* _DATA SHOWN_
========================================================================
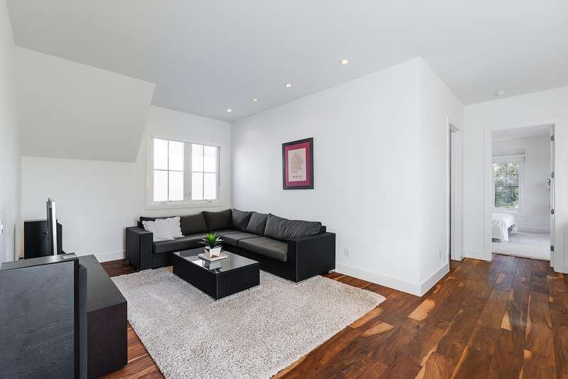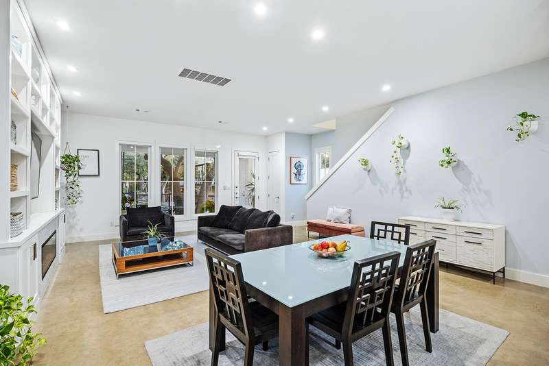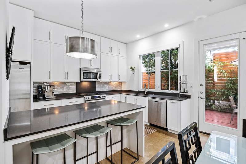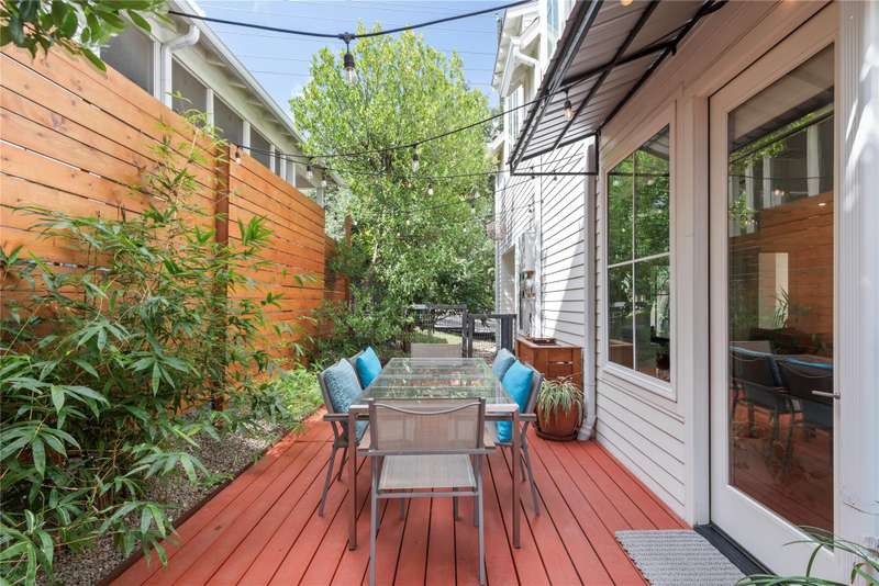 Storage abounds around this singular floorplan, and nary a corner is wasted. A dedicated living room graces the upstairs, and another living nook begs for your lifestyle interpretation. The covered porch out front doubles as a loungey respite from which to wave at neighbors and a perch to ponder what plants might compliment your mature fig tree. Low maintenance native landscaping spans the front fenced garden.
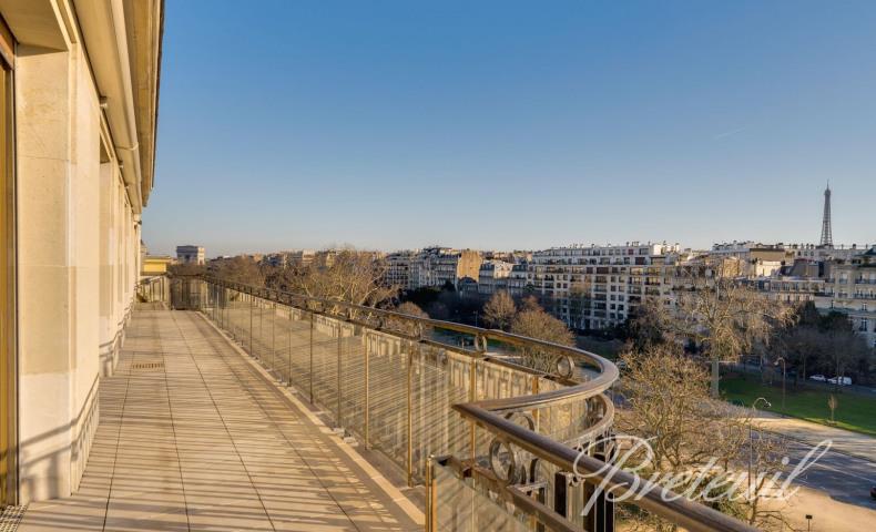 Immeuble 1950 de très haut standing, magnifique appartement de réception, non-meublé, de 342 m², au sixième étage desservi par ascenseur. La galerie d'entrée mène à un salon avec une terrasse donnant sur l'avenue Foch (vues tour Eiffel, arc de Triomphe, bois ...
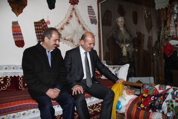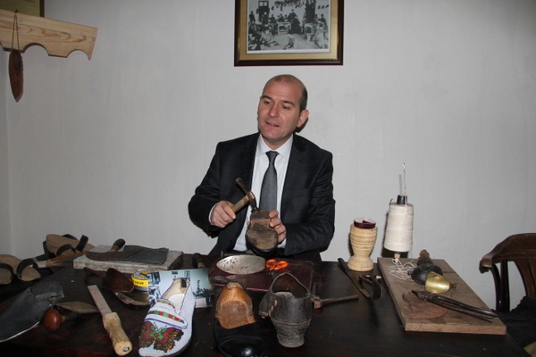 Çankırı Milletvekilleri İdris Şahin, Hüseyin Filiz ve İl Başkanı Salim Çivitçioğlu’nun da eşlik ettiği ziyarette Belediye Başkanı İrfan Dinç’in anlatımıyla medrese odalarındaki yerel kültür çalışmalarını inceleyen Soylu, bebek beşiği sallayıp sembolik olarak kundura tamiri yaptı.
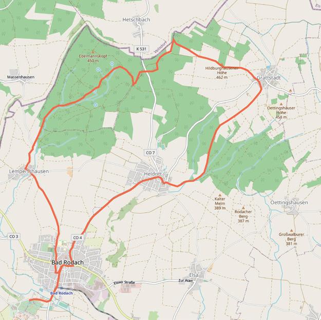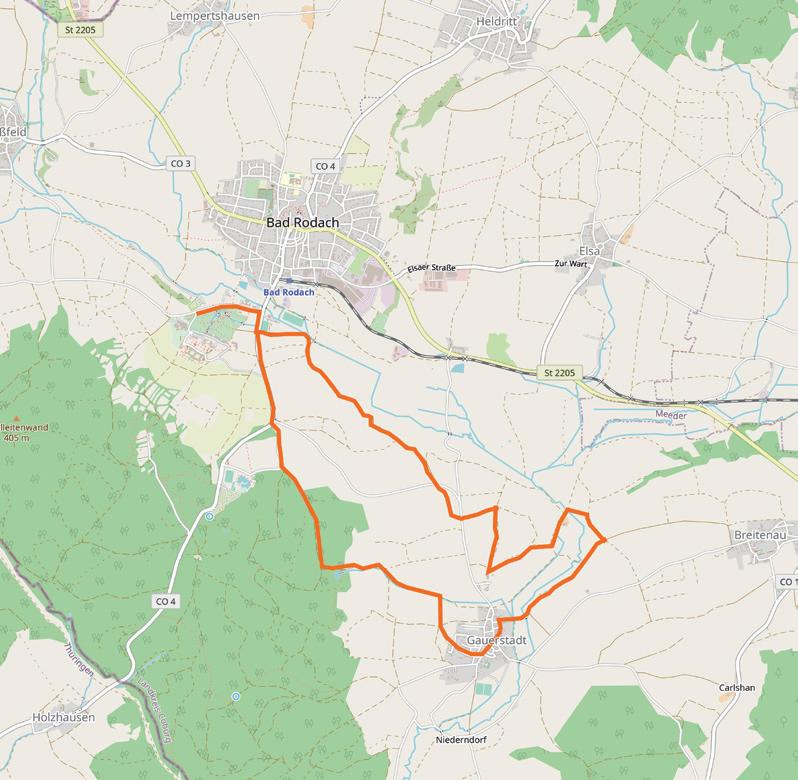 Von Coburg-Zentrum führt die Route zunächst in den Stadtteil Neuses mit der Friedrich-Rückert-Gedenkstätte und dem Naherholungsgebiet Goldbergsee. Zwischen Baumwipfeln thront links Schloss Callenberg. Weiter geht es nach Meeder, einem hübschen Ort mit sehenswerter Laurentiuskirche, einem Fachwerk-Schloss und einem Friedensmuseum. Über Großwalbur und Elsa erreicht man das Etappenziel Bad Rodach mit seiner historischen Innenstadt, die verschiedene Geschäfte, Cafés, ein Heimatmuseum und ein Haus des Gastes bietet. Vor den Toren der Stadt lockt die ThermeNatur, wunderschön eingebettet in die Landschaft und mit Ausblick auf den Georgenberg. Hier können Besucher in aller Ruhe entspannen. Nach einem erholsamen Stopp geht es weiter durch die malerische Landschaft über Gauerstadt und durch den Callenberger Forst. Anschließend führt der Weg nach Weidach und Scheuerfeld, bevor es über den Kürengrund zurück nach Coburg geht.
========================================================================
Return only the part above that opens with the line containing "Immeuble 1950 de" and closes with the line containing "Çankırı Milletvekilleri İdris", exactly and with both ends, skipping the pictures.

* _WRITTEN RESPONSE_
 Immeuble 1950 de très haut standing, magnifique appartement de réception, non-meublé, de 342 m², au sixième étage desservi par ascenseur. La galerie d'entrée mène à un salon avec une terrasse donnant sur l'avenue Foch (vues tour Eiffel, arc de Triomphe, bois ...
 Çankırı Milletvekilleri İdris Şahin, Hüseyin Filiz ve İl Başkanı Salim Çivitçioğlu’nun da eşlik ettiği ziyarette Belediye Başkanı İrfan Dinç’in anlatımıyla medrese odalarındaki yerel kültür çalışmalarını inceleyen Soylu, bebek beşiği sallayıp sembolik olarak kundura tamiri yaptı.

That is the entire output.